Fue el  niño que vendía aguacates en colabastos y terminó llenando el estadio más importante de Colombia. Fue el hijo  de un padre alcohólico y una madre golpeada que decidió ser diferente. Fue el hombre que crió como suya a la hija de su pareja sin pensarlo dos veces. fue el Padre  que cumplió todas sus promesas y murió a los 34 años en el accidente  que soñó tres veces.

Pero hay algo más que necesitas saber, algo sobre lo que está pasando ahora mismo, algo que muy pocos están contando. Porque mientras todo el mundo habla del accidente, mientras analizan el video del piloto con el celular, mientras piden investigaciones  y justicia, hay algo más profundo pasando. La música popular colombiana está de luto, no solo por Jason, sino por lo que Jason  representaba, porque Jason había logrado algo que nadie más había logrado, llevar la música popular a las  masas.

La música popular siempre fue vista como género de segunda. Música de cantinas, de pueblos pequeños, de gente trabajadora. No era música para estadios, no era música para las élites, no era música que sonara en las radios principales. Pero Jason cambió eso. Jason llenó el campín. Jason apareció en televisión nacional.

Jason fue jurado en programas importantes. Jason llevó la música popular al mainstream sin perder su esencia. Y ahora que murió, el género perdió a su mayor exponente, el que abría puertas, el que demostraba que la música popular podía competir con el reggaetón, con el pop, con cualquier género. Artistas como Carlos Vives, Fonseca, Silvestre, Dangond, Fanny Lu, todos expresaron su dolor en redes sociales.

Carlos Vives escribió, “Estoy cerca a la tierra de Jason Jiménez. No es fácil  salir a cantar hoy en la feria de Manizales con esta tristeza en el corazón. Lo siento mucho, mucha fuerza para su familia.” Fonseca  escribió, “Mi querido Jason Jiménez, me quedo con las conversaciones que un par de veces tuvimos.

Admiré siempre  tu manera de construir tu camino. Qué dolor recibir esta noticia.  Perdemos todos con tu partida. La música nunca muere. Silvestre Dangond publicó un video donde aparece conversando con Jason y escribió, “Campeón, te nos adelantaste. La última vez que reímos juntos. Aquí nos  tienes llorando a todos.

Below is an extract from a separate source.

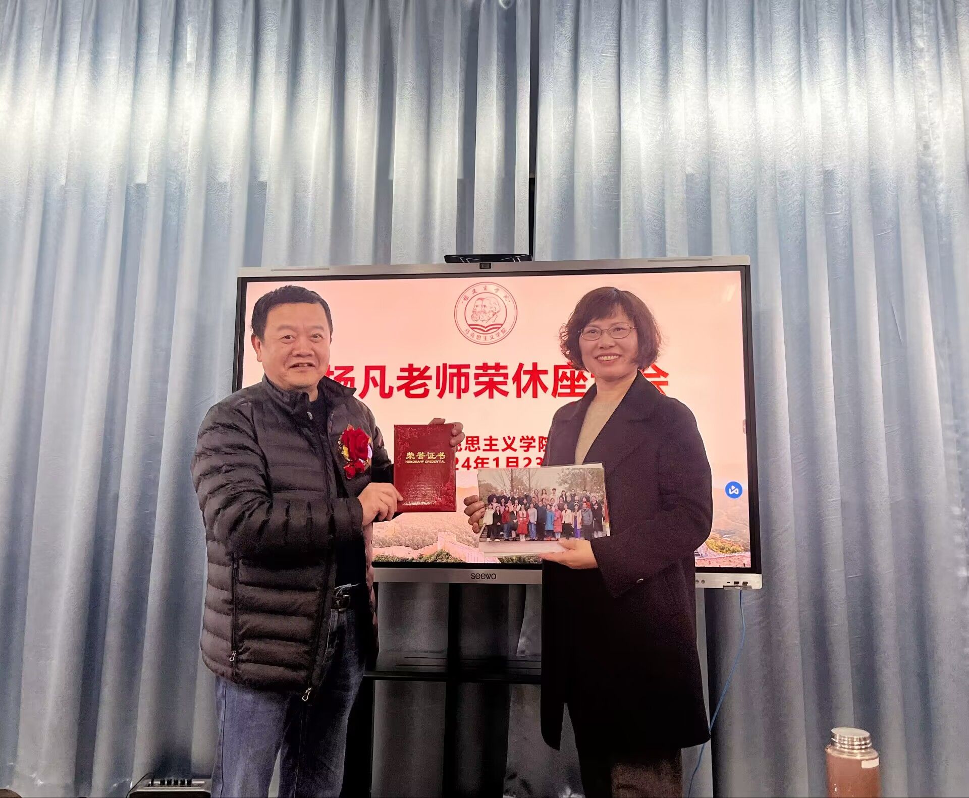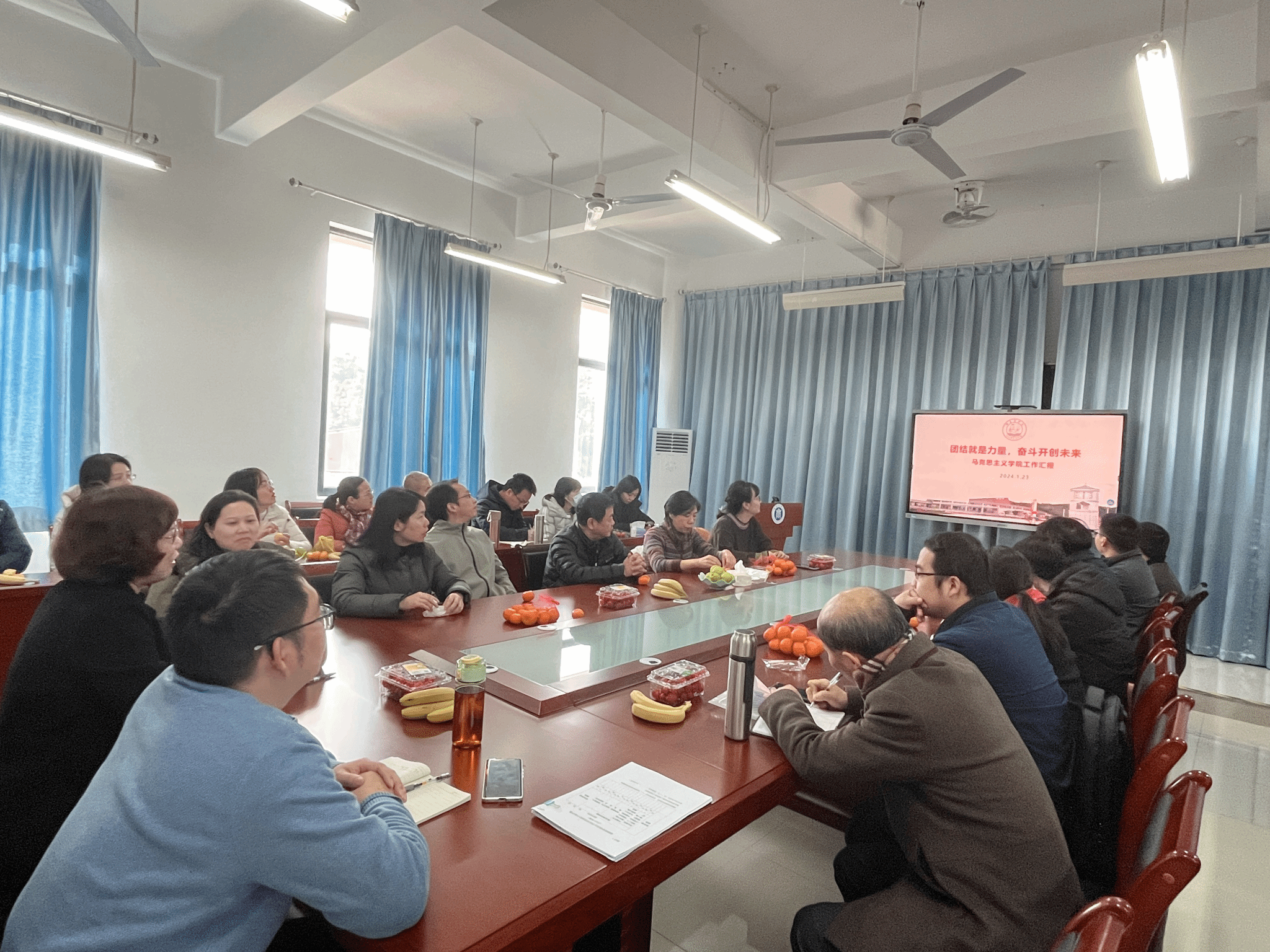 2024年1月23日下午,beat365召开本学期期末工作安排会议暨杨凡老师荣休欢送会。beat365亚洲版官方网站全体教师参加。

Y en Manizales, en Manzanares, donde nació Jason, el pueblo entero está de luto. La alcaldía decretó  tres días de duelo. Las calles están llenas de flores, de fotos de Jason, de mensajes de despedida. El niño de Manzanares,  que se fue a buscar un mejor futuro y lo encontró y ahora regresa muerto a los 34 años, cuando todo recién estaba empezando.

Y pensemos en las  conversaciones que no va a tener con Santiago, las enseñanzas que no le va a dar, los consejos que no le va a poder dar cuando crezca, todo lo que  un padre hace con su hijo que Jason no va a poder hacer. Pensemos en  María Camila graduándose de la universidad y su padre no va a estar ahí en Taliana  casándose y su padre no va a caminar con ella al altar en Santiago, preguntándole a su mamá cómo era papá y Sonia teniendo  que contarle historias de un hombre que él nunca conoció.

Pensemos en  los cumpleaños que van a llegar y papá no va a estar, en las Navidades  donde va a faltar un lugar en la mesa, en los momentos difíciles donde los hijos van a necesitar consejo y van a tener que buscar en videos y  canciones lo que su padre hubiera dicho. Eso es lo que la muerte roba, no solo el presente, sino todo el futuro, todos los momentos que nunca  van a pasar, todas las memorias que nunca se van a crear, todo el amor que no se va a poder dar.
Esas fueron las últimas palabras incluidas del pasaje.